LLMs can address this challenge by enabling chatbots to generate insights from natural language questions, previously answerable only by humans. When combined with models that understand the environment, these AI systems can answer both generic and highly localized questions. For instance, a generic LLM might offer best practices for data ingestion costs, but a localized LLM could provide specific, actionable recommendations tailored to an organization’s data usage.
Enhancing chatbots with LLMs is just one application of this technology. LLMs can streamline various communication aspects during security operations, including incident summarizations, threat hunt outcomes, and security posture recommendations. Traditionally, generating such documentation is manual, time-consuming, and error-prone. AI can automate much of this work, producing summaries in seconds for security operators to proofread and validate.
When considering vendors with AI-based chatbots, inquire about how they tailor the AI’s output to your organization, and how they leverage AI to enhance collaboration and communication across their products and services.
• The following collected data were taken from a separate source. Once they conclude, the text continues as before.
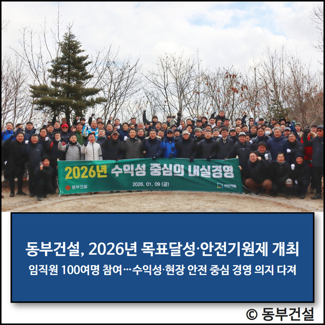 동부건설은 올해 △수익성 중심의 사업 선별 강화 △공정·원가·품질 관리 체계 고도화 △현장 중심 안전관리 강화 등을 2026년 핵심 실천 과제로 삼고, 전사적 실행력을 한층 높인다는 방침이다.
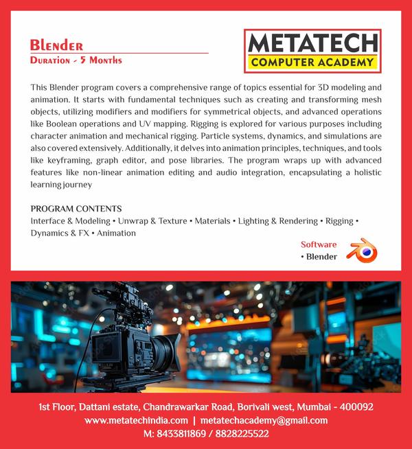 Welcome to Metatech Academy Borivali, India The best institution for grooming future-ready professionals for the rapidly changing digital and creative industries. At Metatech, we believe educ... read more
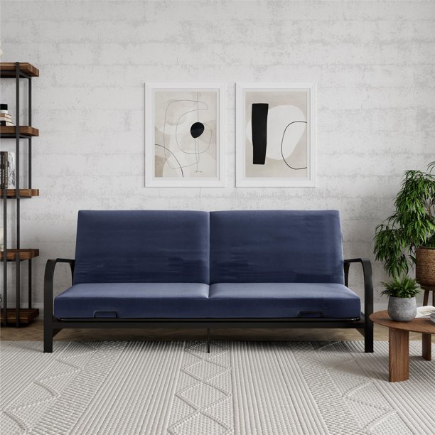 Mainstays Metal Arm Futon, Black Metal Frame with Blue Mattress
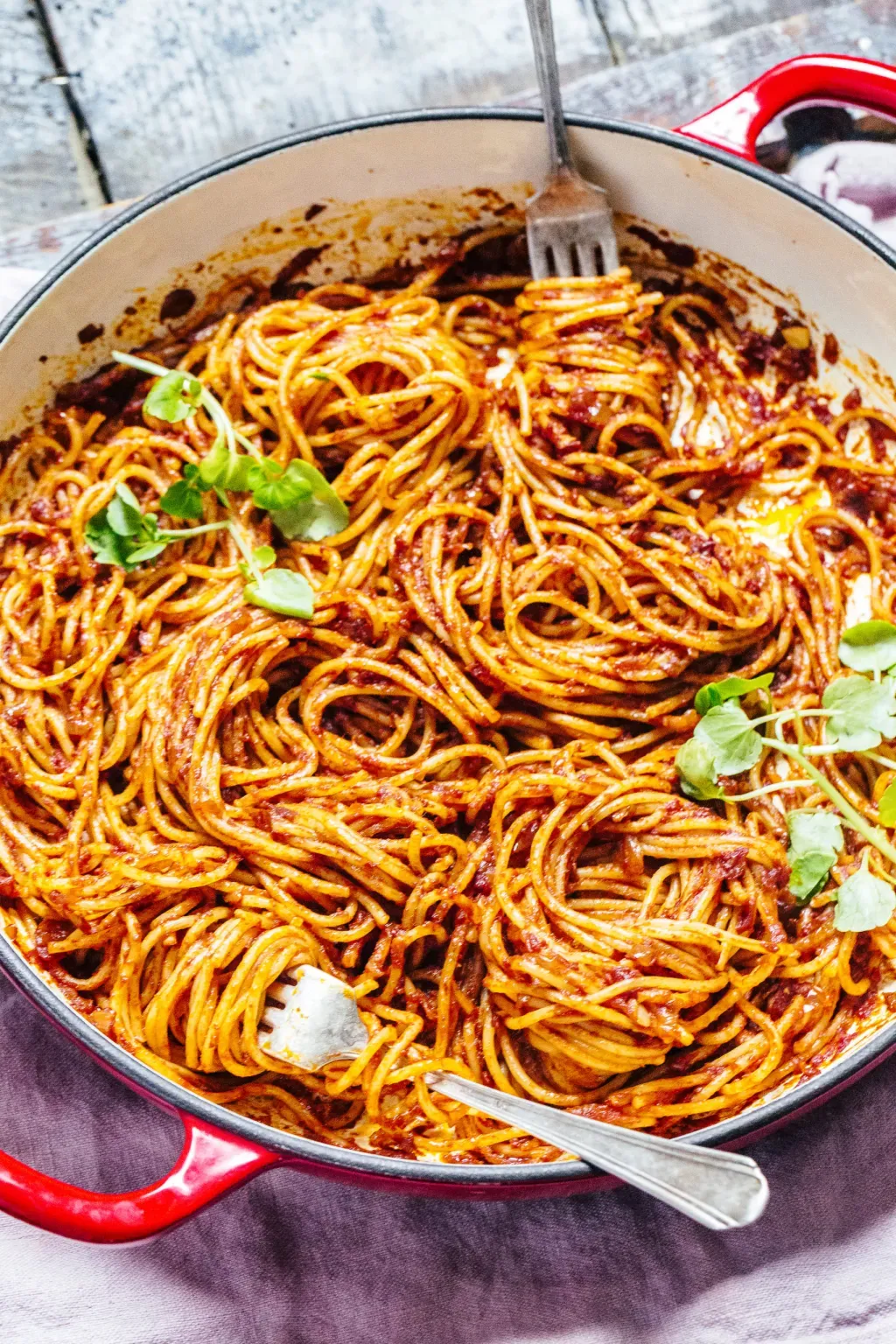 Cook pasta just shy of al dente. It’ll finish cooking in the sauce, absorbing more flavor.
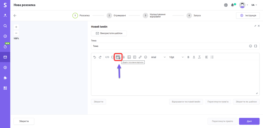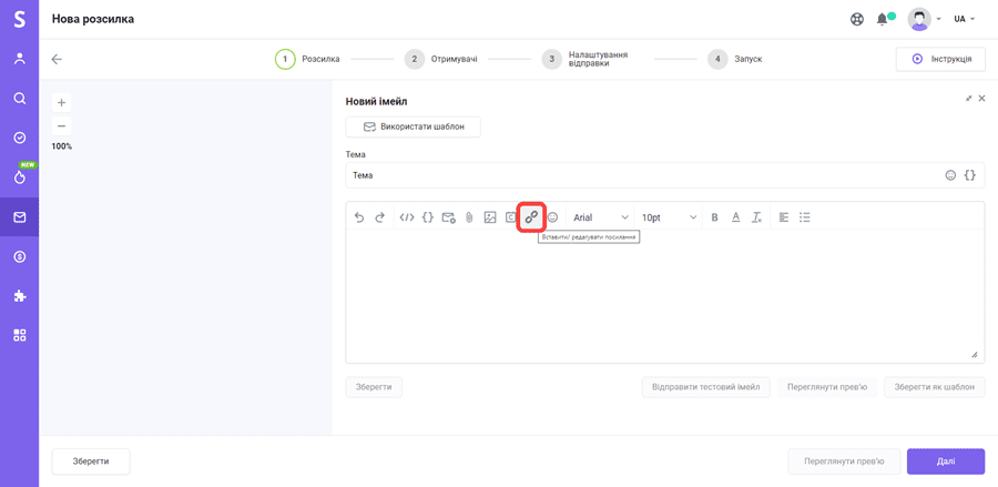 Якщо вставити посилання безпосередньо в редактор емейлу, воно не відстежуватиметься. Тому скористайтеся опцією «Вставити посилання» на панелі інструментів, щоб додати лінк.

Making Human Intelligence More Effective
Many cybersecurity vendors use ML to detect attack patterns, resulting in numerous alerts sent to security teams without prioritization. This approach can overwhelm already understaffed and under-resourced teams. Effective cybersecurity vendors should help focus efforts by distinguishing and prioritizing genuine threats and identifying vulnerabilities that could negatively impact the organization if not addressed—a concept known as incident conviction.
Organizations should leverage AI to distinguish true positive alerts from false positives more effectively – driving faster incident resolution and reducing customer escalations, and saving valuable time for security teams.
Supercharging Defenders with AI
In a landscape where cybercriminals increasingly use AI, it’s vital to make AI a core component of your security defense strategy. Elite hackers view AI as a tool to augment their abilities, enhancing problem-solving skills and providing a competitive edge. Likewise, AI can supercharge defenders’ capabilities.
Partner with defenders who proactively use AI against real threats. Before committing to a vendor, ensure they can demonstrate how they apply AI to create security efficiencies and protections. Ask for specific results delivered for clients, such as saving work hours for security operations center teams or reducing response times. Additionally, verify their measures to implement AI securely and responsibly.
AI is not a silver bullet for managed security. It must be combined with human expertise to be effective, accurate, and relevant. Clients often express concerns about AI making mistakes. Keeping a human in the loop allows experts to fact-check AI-driven decisions and refine AI models, ensuring they don’t repeat errors. This collaboration ensures AI serves as a valuable tool for defenders, complementing rather than replacing human judgment.
AI is poised to revolutionize cybersecurity. Integrating AI into an organization’s cybersecurity strategy is not just an option anymore. It’s essential for building a robust security posture in today’s increasingly AI enabled threat landscape. As AI continues to evolve, its ability to enhance both preventive and collaborative measures will be crucial in staying ahead of the evolving cyber threat.